This Notebook is for analyzing profile test data. The test data includes 20 json files. This notebook will load the data into dataframe and analyzed using Spark SQL.

1. Import PySpark Library

In [1]:
from pyspark.sql import SparkSession

2. Create SparkSession

In [2]:
spark = SparkSession \
    .builder \
    .appName("Profile Analyse") \
    .config("spark.some.config.option", "some-value") \
    .getOrCreate()

3. Load JSON FILES

In [3]:
df = spark.read.json("test_data/*.json")

4. Print DataFrame Schema

In [4]:
df.printSchema()

root
 |-- id: string (nullable = true)
 |-- profile: struct (nullable = true)
 |    |-- firstName: string (nullable = true)
 |    |-- jobHistory: array (nullable = true)
 |    |    |-- element: struct (containsNull = true)
 |    |    |    |-- fromDate: string (nullable = true)
 |    |    |    |-- location: string (nullable = true)
 |    |    |    |-- salary: long (nullable = true)
 |    |    |    |-- title: string (nullable = true)
 |    |    |    |-- toDate: string (nullable = true)
 |    |-- lastName: string (nullable = true)



5. Records in DataSet

In [5]:
df.count()

17139693

6. Flatten Nested DataFrame (Data Preparation for Analysis)

Firstly, convert firstName, lastName and jobHistory into columns

In [6]:
nested_df = df.select("id", "profile.firstName", "profile.lastName", "profile.jobHistory")

Secondly, use explode function to explode jobHistory array into multiple rows.

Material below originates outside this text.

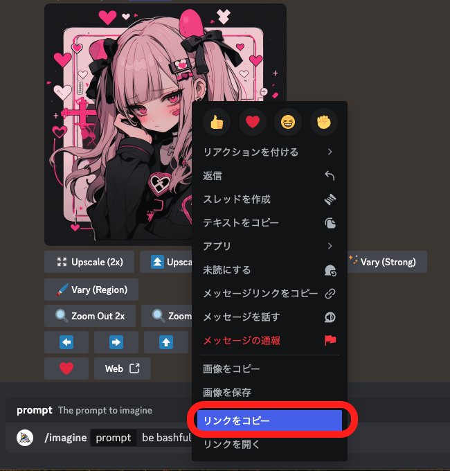 同じキャラクターでレパートリーを作りたい場合はstableディフュージョンのLoRAというツールや、Midjourneyで専用のプロンプトを使うことで同じキャラクターでのレパートリーを増やすことができます。以下に地雷系の女の子のキャラクターを生成し、同じレパートリーでいくつか生成してみましょう。今回はMidjourneyを使います。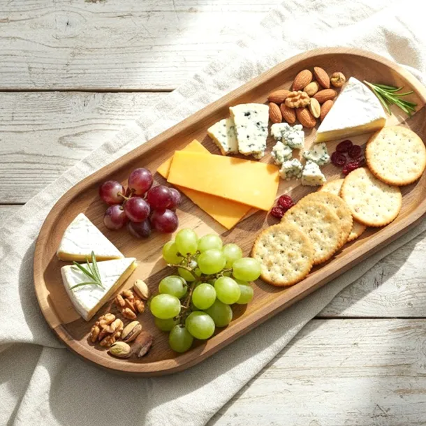Akacjowa taca - deska przydatna w każdej kuchni. Świetnie sprawdzi się również jako deska do serwowania np przekąsek jak sery czy wędliny. Talerz możesz także wykorzystać jako tacę lub podstawę na świece. Zalecane ręczne mycie deski.

Noted: if jobHistory is empty Array, there will be no records in the exploded dataframe.

In [7]:
from pyspark.sql.functions import explode
exploded_df = nested_df.withColumn("jobHistory", explode(nested_df.jobHistory))

Thirdly, convert fromDate, location, salary, title, toDate into columns

In [8]:
flattern_df = exploded_df.select("id", "firstName", "lastName", "jobHistory.fromDate", "jobHistory.location", "jobHistory.salary", "jobHistory.title", "jobHistory.toDate")

7. Create TempView for dataFrame

In [9]:
flattern_df.createOrReplaceTempView("people")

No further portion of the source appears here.